Sin embargo si dicho fracaso hubiera llegado con el modelo tradicional, tras lanzar la empresa al mercado con una estructura amplia, con personal y con una serie de procesos ya definidos, se hubiera dado cuenta de que habría perdido mucho tiempo y dinero desarrollando una tienda en la que la gente no quiere comprar.

En este último supuesto, a Nick Swinmurm le quedaría el consuelo del aprendizaje adquirido, e incluso podría haber encontrado el modo de pivotar el negocio (aunque con unas estructura empresarial que complicaría dicho proceso), pero también le quedaría la duda “¿no habría habido otra forma de que hubiera conseguido ese aprendizaje de una manera más rápida y barata?”

Dropbox, un caso similar

Dropbox es una popular herramienta que permite almacenar archivos en la nube y compartirlos entre varios dispositivos y usuarios.
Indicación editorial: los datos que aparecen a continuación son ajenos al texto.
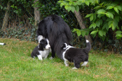 We are incredibly grateful to have been allowed to use Zeb (Sh Ch Madeleys Time Challenger). Born in 1997, I only met him once, but I absolutely loved his children. In the children I met, I saw beautiful, athletic Border Collies with lovely temperaments and drive. Many went on to have very successful obedience careers, and his son from the Jonjosam kennels went on to be an obedience champion. Some of his semen was stored and when the 2020 restrictions were lifted enough for vets to start doing repro work, I asked if there was any way I could use him, not really expecting the answer to be "yes". But the answer was a very kind "yes"!
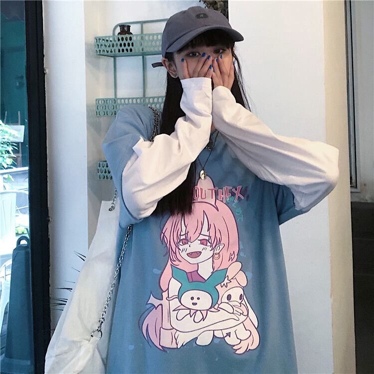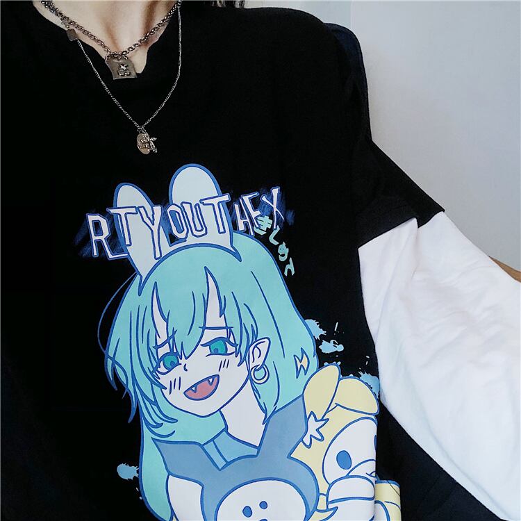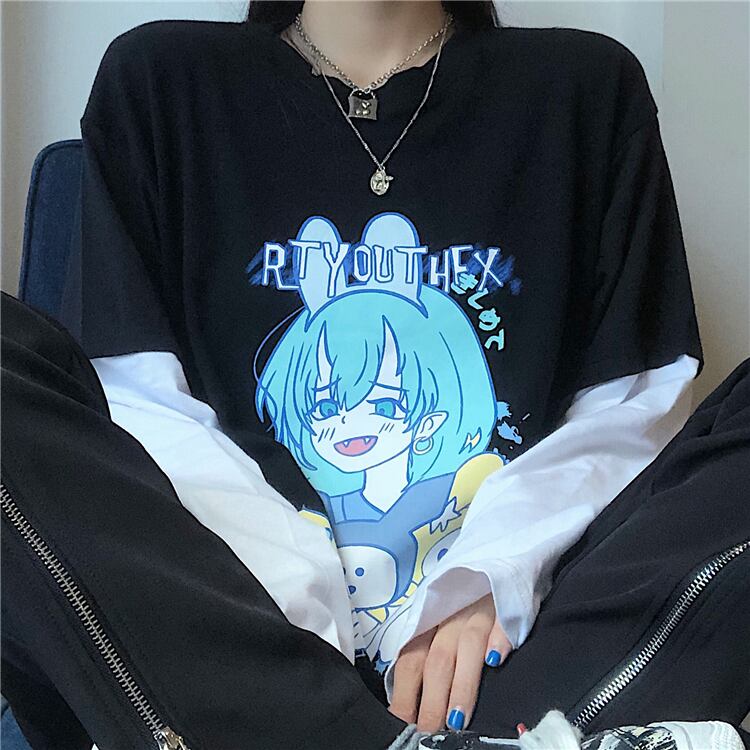 Tシャツレディース秋物トレンドプリントゆったりルーズホワイトラウンドネックトップス ロング オータム Oネック 長袖 デーモン35328387726
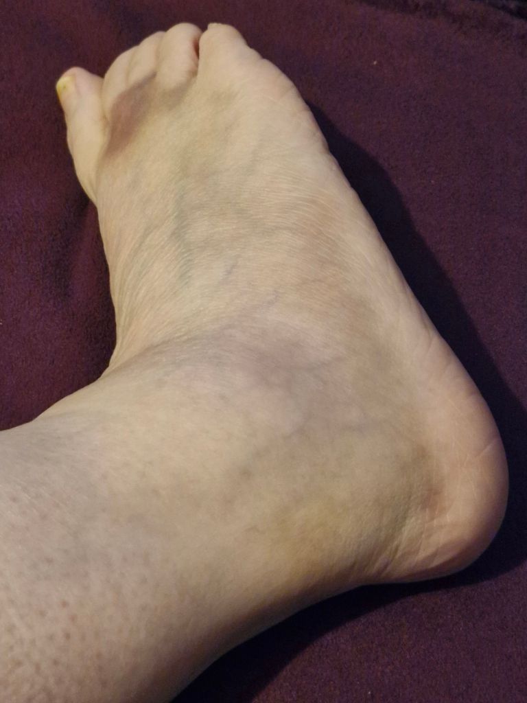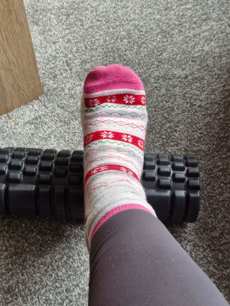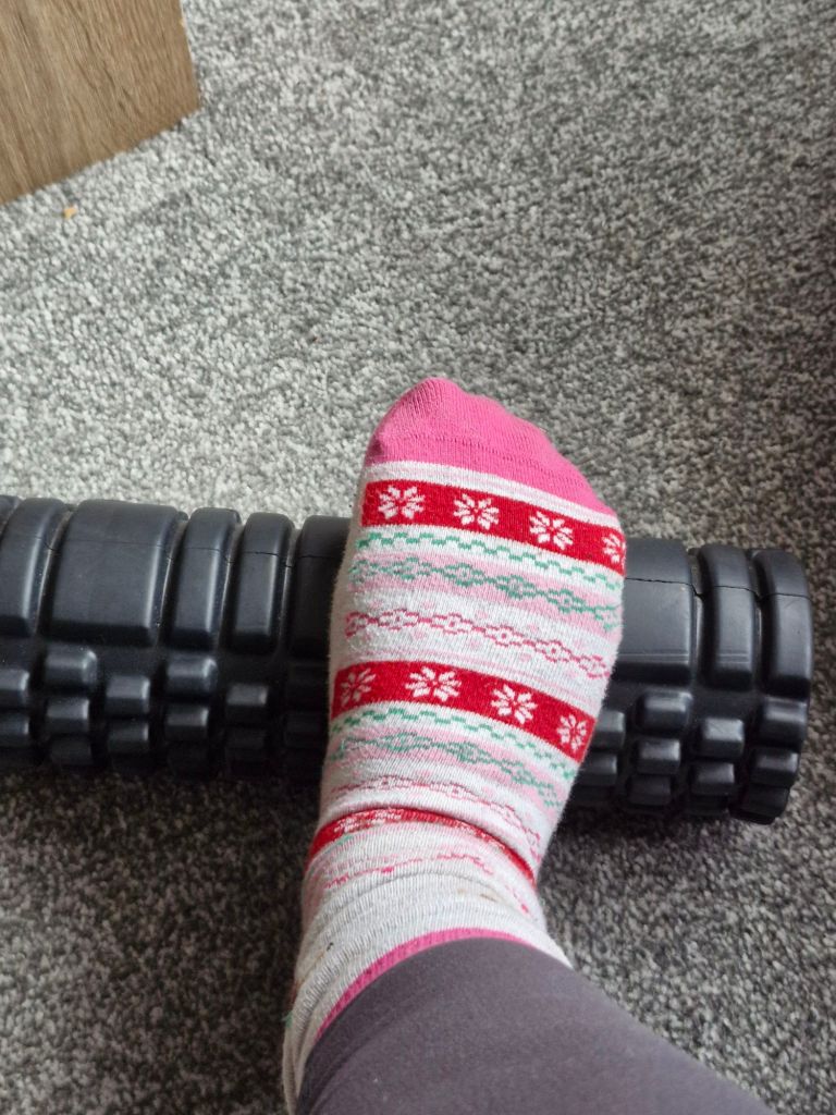I do sit down and roller my foot on the foam roller, and flex the toes, as these are still bruised and sore.
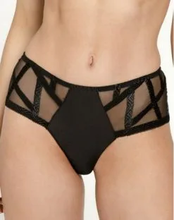 Le shorty de la collection Série par Louisa Bracq propose une forme échancrée et légère agrémentée d’un jeu de transparence et de designs graphiques et osés. La parfaite alliance de séduction et de confort.

El desarrollo inicial de una herramienta de este tipo supone una fuerte inversión, en tiempo y dinero, ya que supone un desarrollo tecnológico complejo. Un elevado riesgo ante lo que era un producto que generaba una alta incertidumbre sobre su respuesta en el mercado.

Por ello, los creadores publicaron en un site un vídeo explicativo, antes de que el producto comenzara a desarrollarse, donde explicaban su funcionamiento y sus utilidades. Ésto les sirvió para contrastar si habría una demanda real, pudiendo obtener además un valioso feedback, que les sirvió para que seis meses después el producto fuera lanzado al mercado con una mayor seguridad sobre la existencia de una demanda y sobre las necesidades que tendrían sus cliente.

En definitiva, como diría Eric Ries, piensa en grande, empieza pequeño.